═══ Supplied data ═══

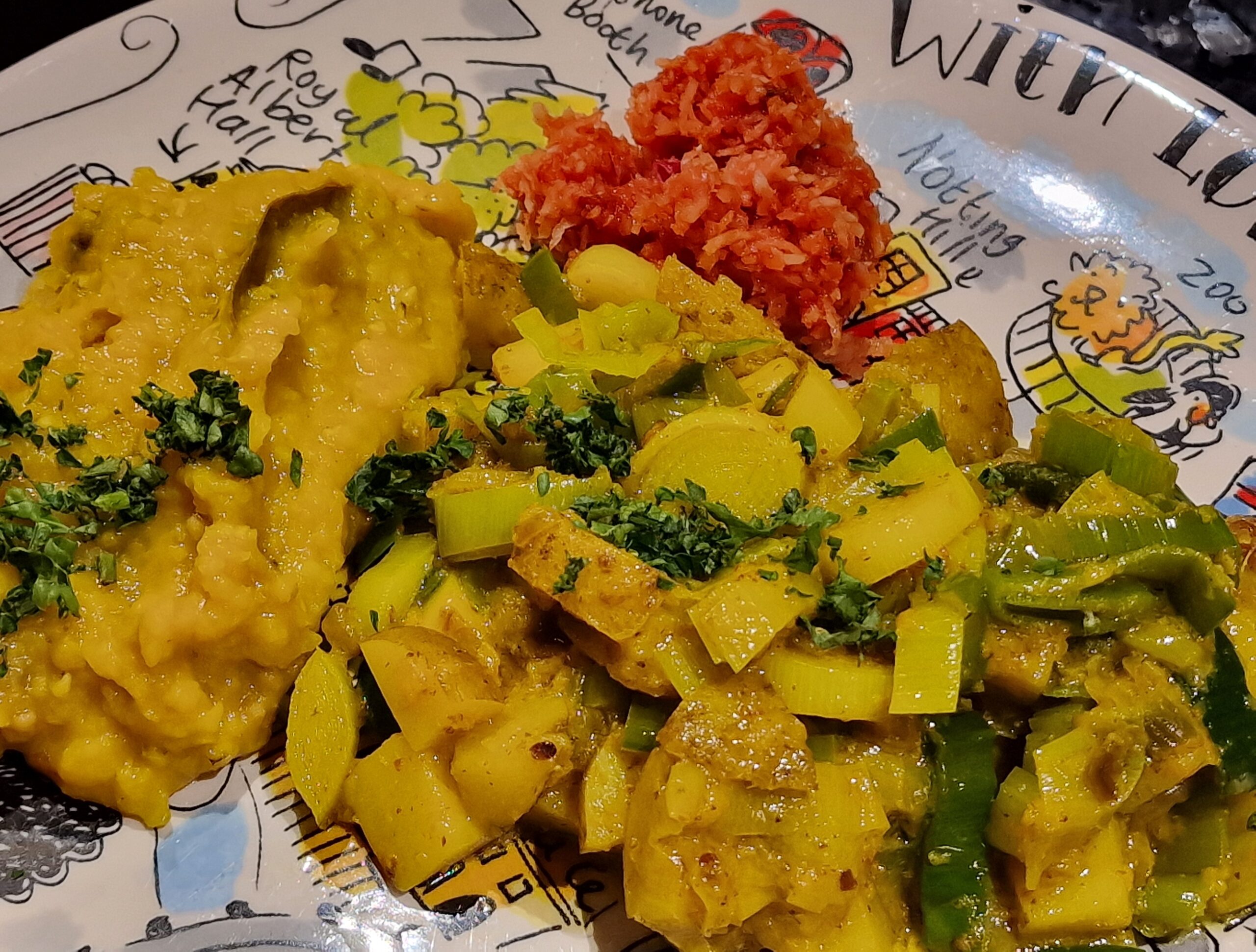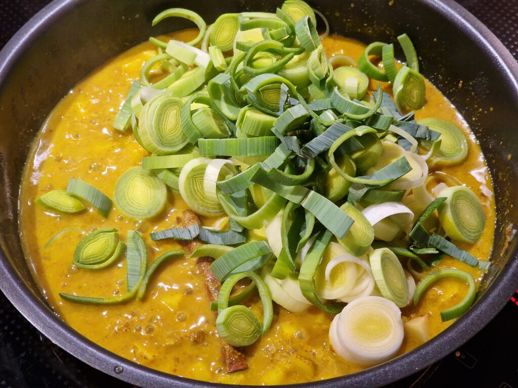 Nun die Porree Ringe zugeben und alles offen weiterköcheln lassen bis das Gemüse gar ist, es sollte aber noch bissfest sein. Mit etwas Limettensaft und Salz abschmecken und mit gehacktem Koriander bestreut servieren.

═══
═══ Supplied data ═══

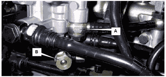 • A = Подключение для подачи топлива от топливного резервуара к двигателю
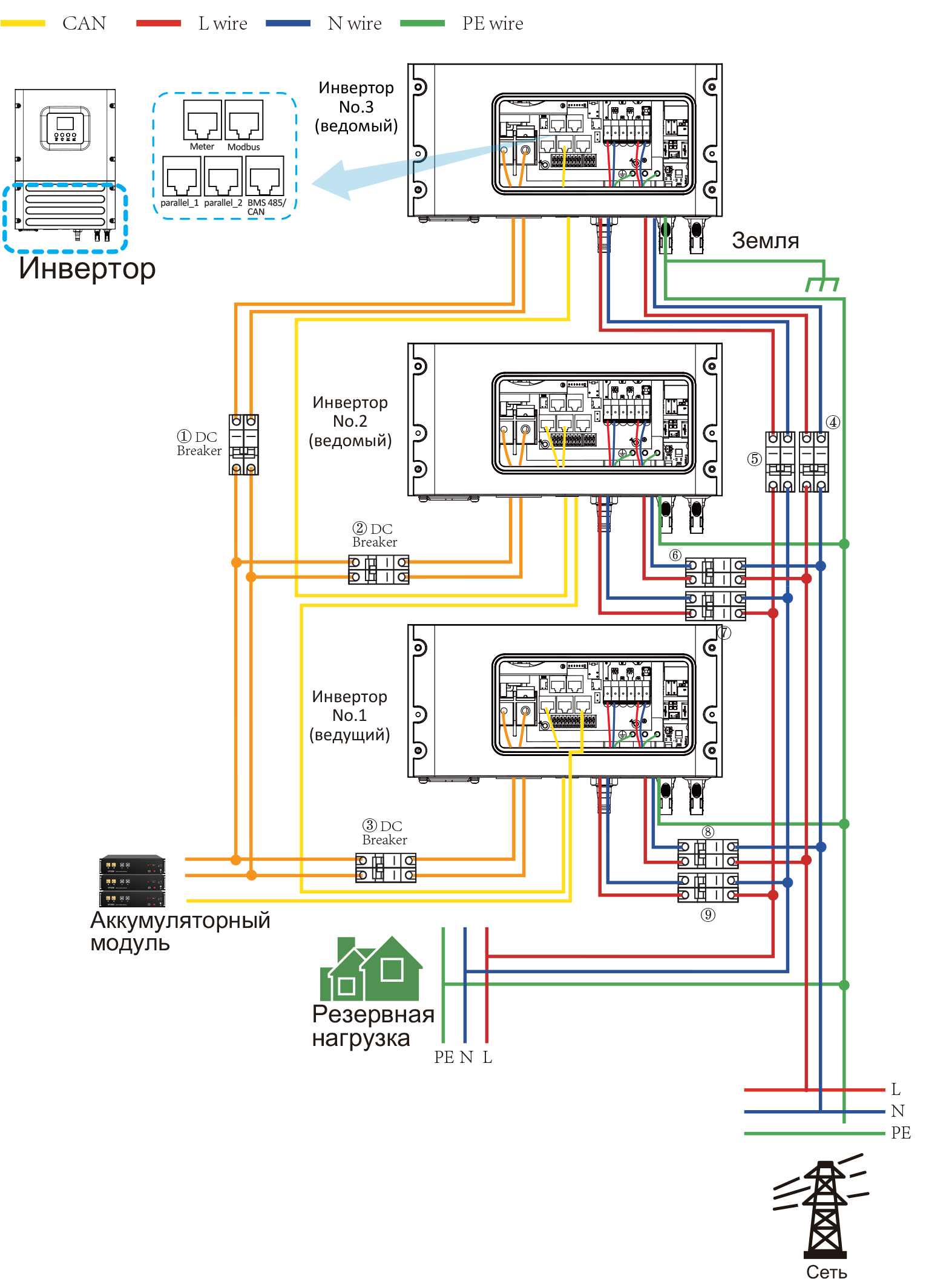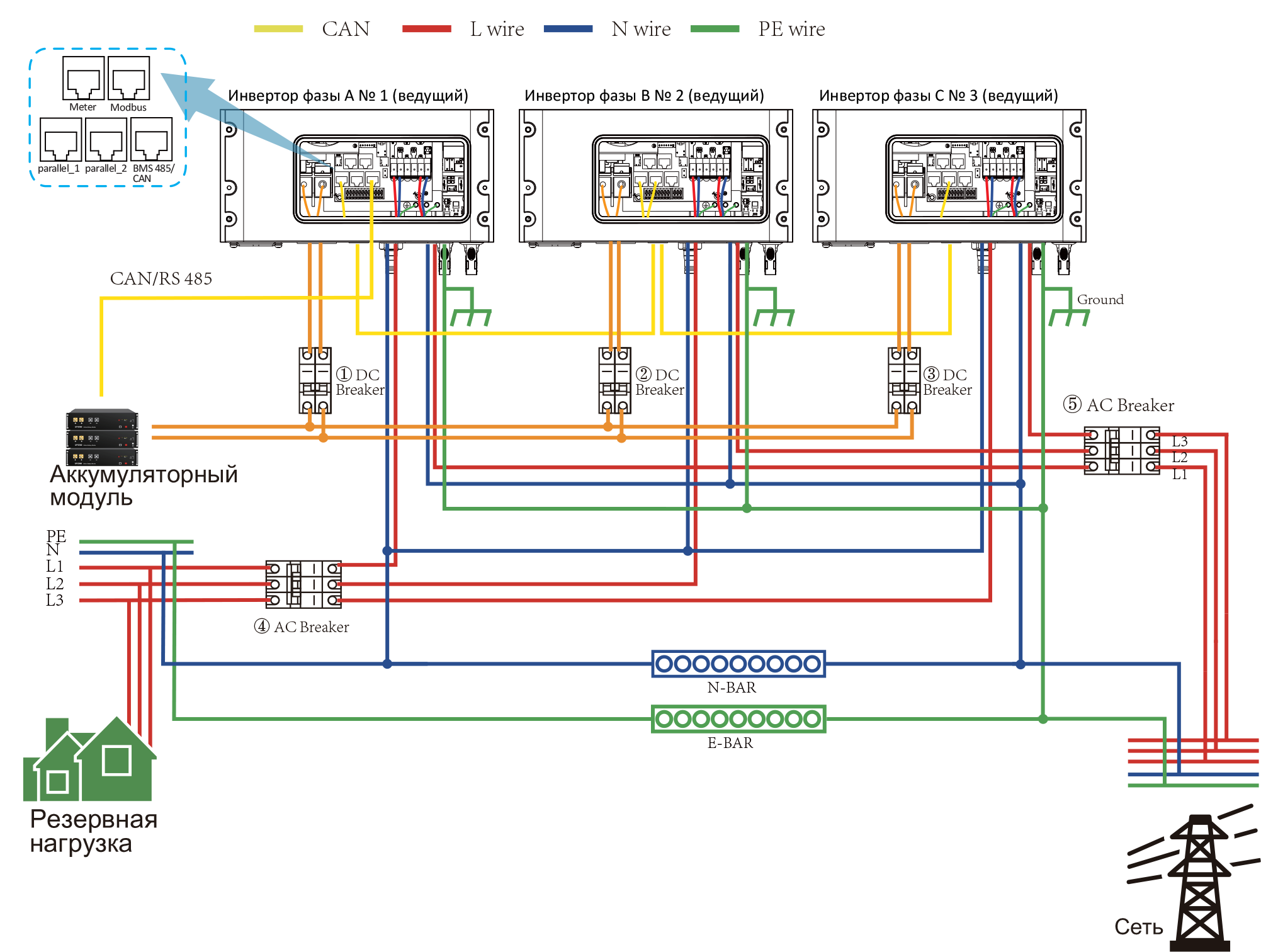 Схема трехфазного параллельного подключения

═══
═══ Supplied data ═══

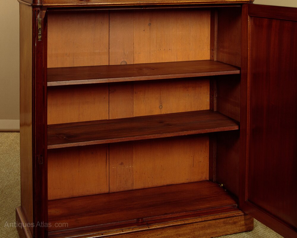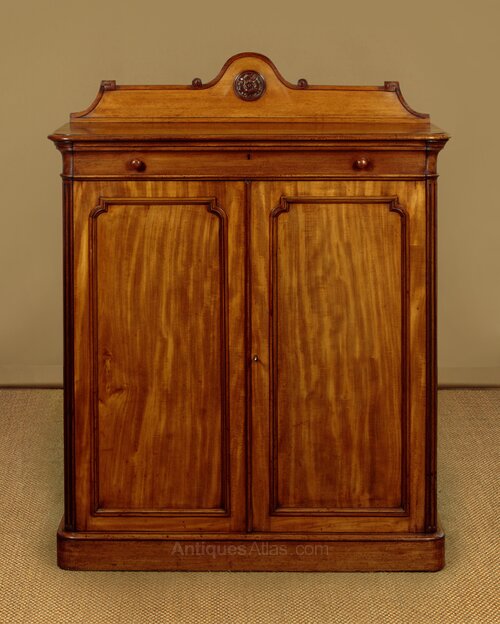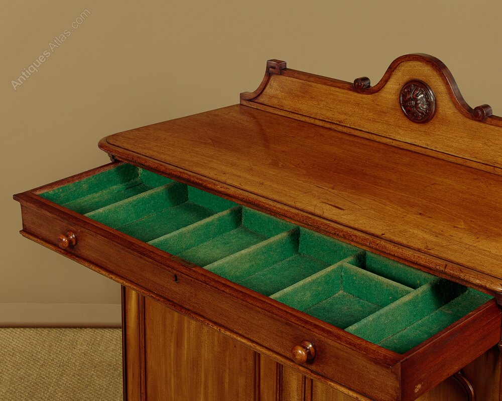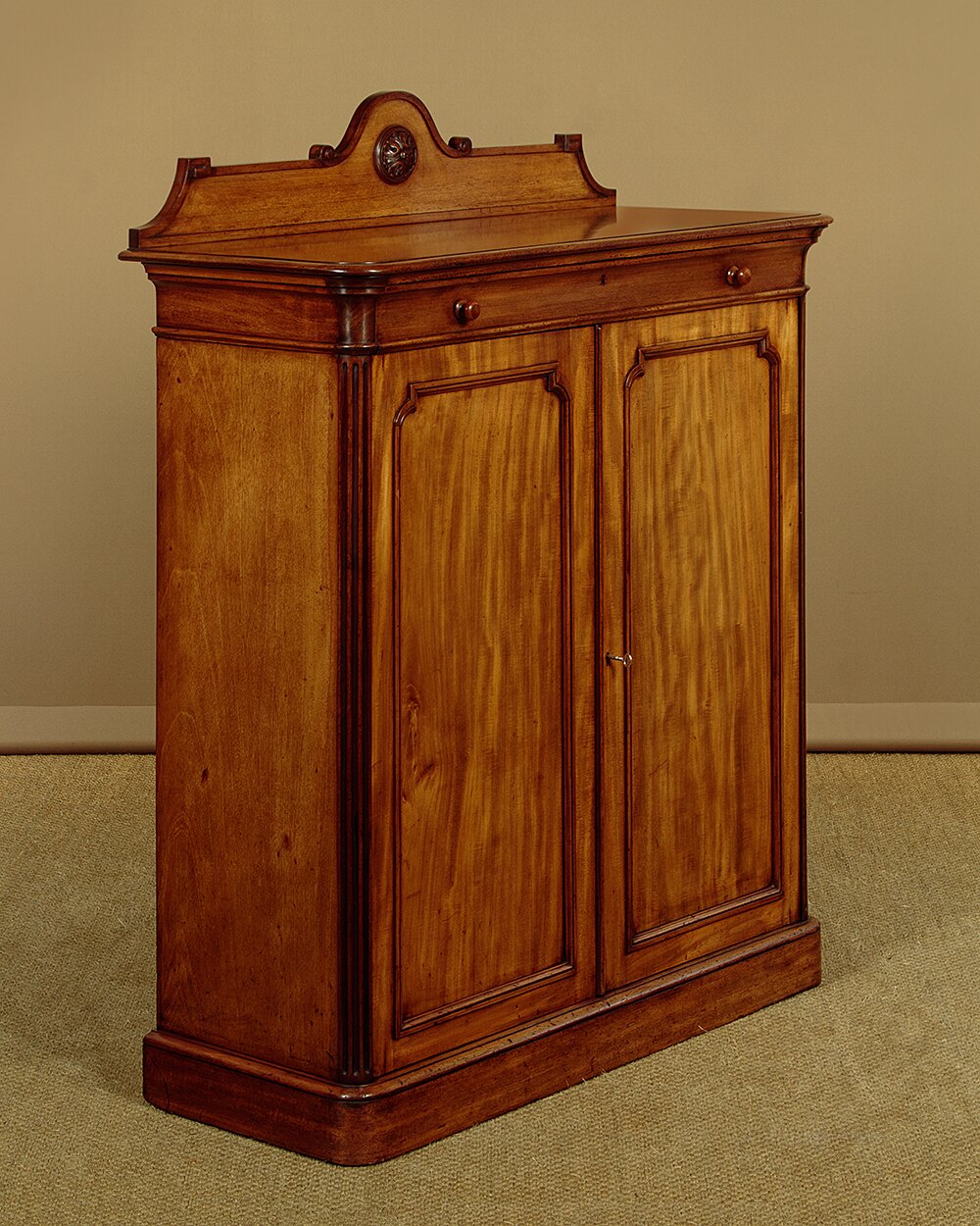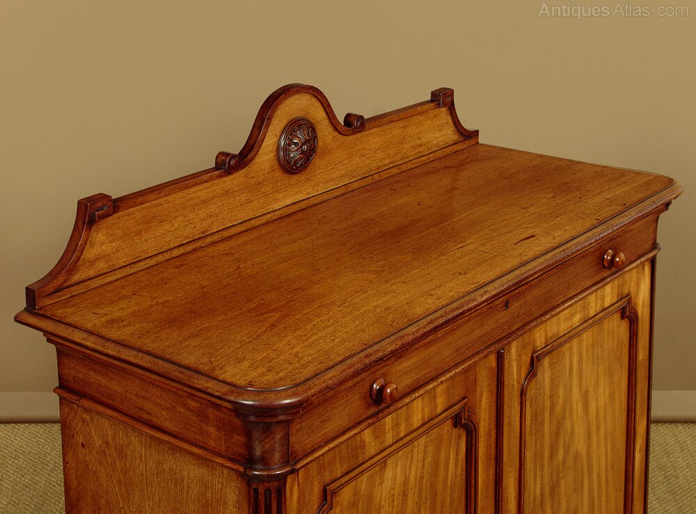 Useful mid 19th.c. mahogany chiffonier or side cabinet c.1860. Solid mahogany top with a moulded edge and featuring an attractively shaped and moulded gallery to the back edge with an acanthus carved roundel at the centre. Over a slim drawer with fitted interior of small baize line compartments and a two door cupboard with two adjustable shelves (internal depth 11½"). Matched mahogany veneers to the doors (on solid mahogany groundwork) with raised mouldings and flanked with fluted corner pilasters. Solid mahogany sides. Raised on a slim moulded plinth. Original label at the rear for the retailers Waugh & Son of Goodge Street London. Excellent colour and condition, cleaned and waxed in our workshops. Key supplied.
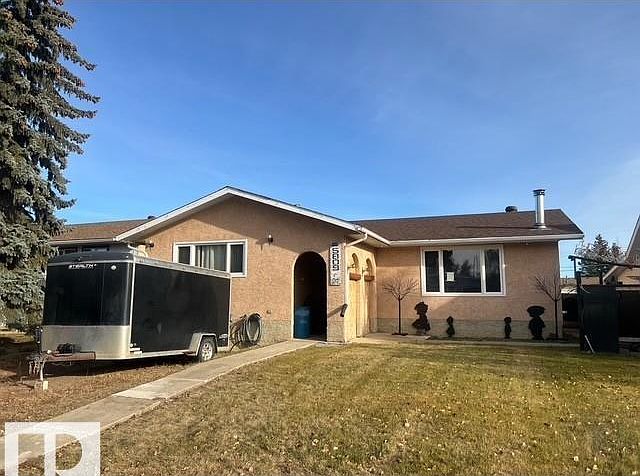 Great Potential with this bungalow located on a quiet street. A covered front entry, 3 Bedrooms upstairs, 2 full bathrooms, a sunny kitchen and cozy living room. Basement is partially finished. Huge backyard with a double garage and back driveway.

═══

#### Activity
The lines above from the line with "Useful mid 19th.c." through the line with "Great Potential with" are to be given again word for word, with no pictures among them.

#### Solution for this problem
 Useful mid 19th.c. mahogany chiffonier or side cabinet c.1860. Solid mahogany top with a moulded edge and featuring an attractively shaped and moulded gallery to the back edge with an acanthus carved roundel at the centre. Over a slim drawer with fitted interior of small baize line compartments and a two door cupboard with two adjustable shelves (internal depth 11½"). Matched mahogany veneers to the doors (on solid mahogany groundwork) with raised mouldings and flanked with fluted corner pilasters. Solid mahogany sides. Raised on a slim moulded plinth. Original label at the rear for the retailers Waugh & Son of Goodge Street London. Excellent colour and condition, cleaned and waxed in our workshops. Key supplied.
 Great Potential with this bungalow located on a quiet street. A covered front entry, 3 Bedrooms upstairs, 2 full bathrooms, a sunny kitchen and cozy living room. Basement is partially finished. Huge backyard with a double garage and back driveway.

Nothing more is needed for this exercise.